Task instructions: Keep the pictures out. Write out every line of the listing exactly.

Exercise data:

★ ★ ★ ★ ★ ★ ★

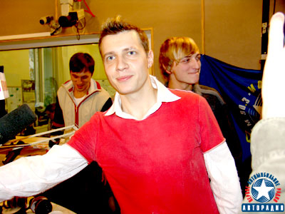 Президент ВКПМ Александр Варин и Алексей Булдаков в эфирной студии Авторадио
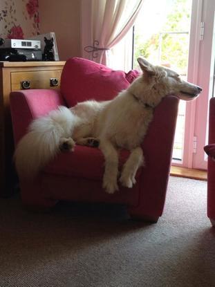 Friendly with other dogs despite having a loud bark (all bark and no bite - a big wuss really). Likes to be top dog but has no aggression unless provoked.
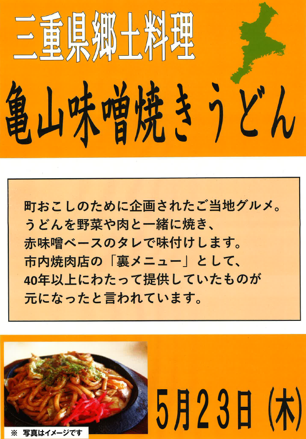 5月23日は三重県の郷土料理「亀山味噌焼きうどん」を提供させていただきます!
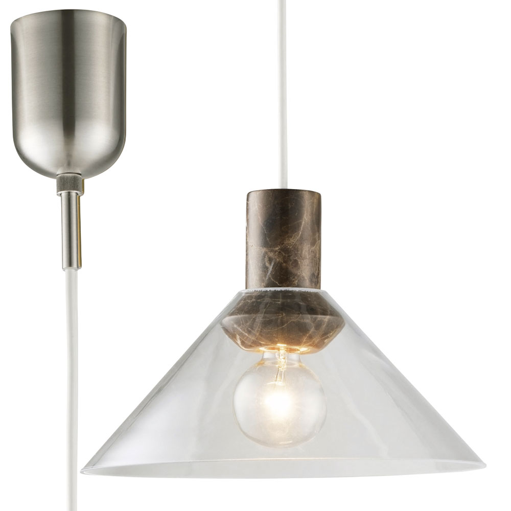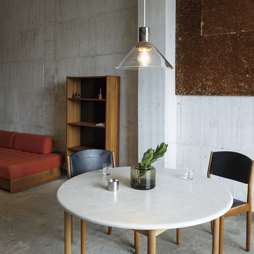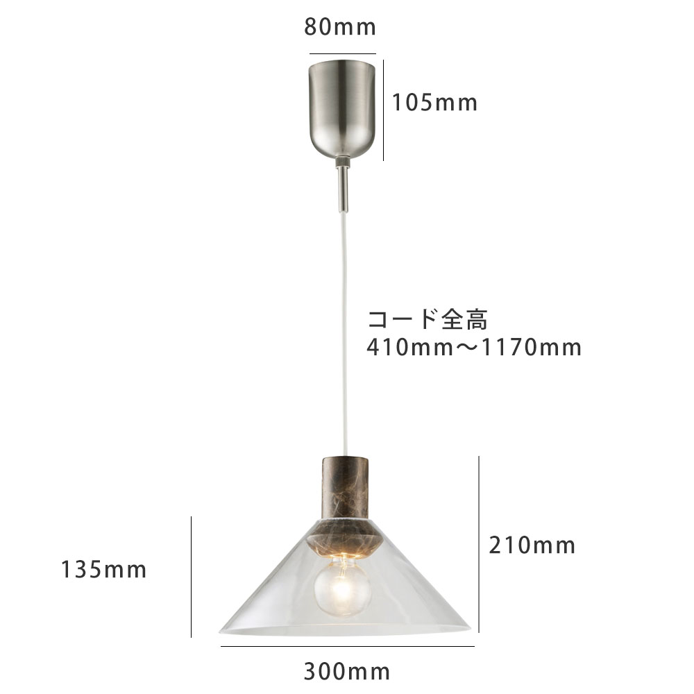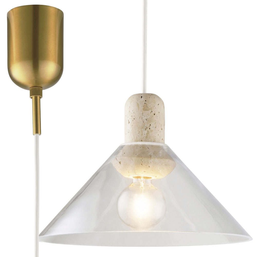 空間に凛とした存在感をもたらす、上質なペンダントライト。透明なガラスの中に、異素材の大理石をそっと収めた構造は、浮遊感と重厚感が美しく共存しています。ソケットやネジといった機構はあえて見せず、素材そのものの美しさを際立たせるミニマルな仕立てに。

★ ★ ★ ★ ★ ★ ★

Solution to the problem:
 Президент ВКПМ Александр Варин и Алексей Булдаков в эфирной студии Авторадио
 Friendly with other dogs despite having a loud bark (all bark and no bite - a big wuss really). Likes to be top dog but has no aggression unless provoked.
 5月23日は三重県の郷土料理「亀山味噌焼きうどん」を提供させていただきます!
 空間に凛とした存在感をもたらす、上質なペンダントライト。透明なガラスの中に、異素材の大理石をそっと収めた構造は、浮遊感と重厚感が美しく共存しています。ソケットやネジといった機構はあえて見せず、素材そのものの美しさを際立たせるミニマルな仕立てに。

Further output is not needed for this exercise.